VERSION 8 Enhancements
One of the new features of Oracle8 allows you to divide the storage of tables and indexes into smaller units called partitions. The partitioning of data into smaller subsets allows users to
overcome many of the problems that large tables and indexes create. Oracle8 allows administrators to store each partition in a separate tablespace. Partitioning of data into separate tablespaces
provides the following performance advantages:
- Load balancing – partitioning allows you to distribute data and balance the I/O load across several devices
- Parallel query – the Oracle8 optimizer is partition aware and will create query plans that access only those partitions needed to satisfy the query’s request
- Bulk data loads – SQL*Loader supports concurrent loading of individual partitions and entire partitioned tables
- Individual query performance – partition extended table names allow application programs to refer to individual partitions of a table as if they were individual tables. Accessing a single
partition (as opposed to the entire table) can dramatically reduce processing costs
When defining a partitioned table in Oracle8 you code a partition specification for the table that includes a key-based, table-level algorithm that is used to map rows to specific partitions and a
partition description that describes each partition. Oracle8 supports a single partitioning algorithm called range partitioning. Rows are placed in the separate partitions based on a partitioning
key. A partitioning key is a column or set of columns (up to 16) that determine how the data is divided among the partitions. With range partitioning, the best partition keys are dates, primary
keys or foreign key columns. Oracle8 does not allow users to update partitioning key columns if that update changes the partition the row is stored in. To change a value in one of these columns,
the application program must delete the row and then reinsert it with the new values. To define a partition, a non-inclusive upper boundary must be hard-coded into the table’s definition. These
upper boundaries should distribute the data (more or less) evenly among the different partitions.
Oracle8 also allows you to create partitioned indexes. Oracle uses the same range partitioning algorithm as it does for tables. Like partitioned tables, Oracle8 places rows in the separate index
partitions based on the index’s partitioning key. The partitioning key of an index must include one or more of the columns that define the index. This allows you to create an index that contains
multiple columns but partitions the index on a subset of those columns. An index partition is defined exactly like its partitioned table counterpart; a non-inclusive upper boundary must be
hard-coded into the index’s definition.
An index and table having the same number of partitions are said to be equi-partitioned. Multiple tables and multiple indexes can be equi-partitioned if they meet Oracle8’s equi-partition
specifications. Please refer to the Oracle8 Server Concepts manual for a more complete listing of equi-partitioning specifications.
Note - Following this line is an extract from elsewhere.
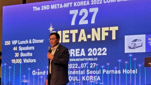 크립토아크 박재성 회장이 지난 27일 열린 727 메타 NFT 코리아 컨퍼런스에 참석하여 P2P 플랫폼 생태계에 대해 발표했다.

Equi-partitioned objects improve application performance by reducing the number of rows being sorted and joined. The Oracle8 optimizer is partition aware meaning that it is capable of creating
query plans that access a single index and table partition.
You can ensure that a table and its associated index are equi-partitioned by specifying the LOCAL parameter during index creation. All keys in a local index partition point to rows stored in a
single table partition. When creating an index using the LOCAL parameter, range specifications and a maximum value do not need to be specified. Oracle8 automatically partitions the local index on
the same partitioning key columns as the table it references, creates the same number of partitions and gives each index partition the same partitioning key boundaries.
Unlike their local index counterparts, index keys in a global index may point to rows in more than one table partition. To create a global index, you specify the GLOBAL parameter (default) during
index creation. Global indexes can be equi-partitioned with their tables that they reference, but Oracle8 will not take advantage of equi-partitioning when generating query plans or executing
maintenance operations. The entire index will be affected! To take advantage of Oracle8’s equi-partitioned performance improvements, the index must be created as LOCAL.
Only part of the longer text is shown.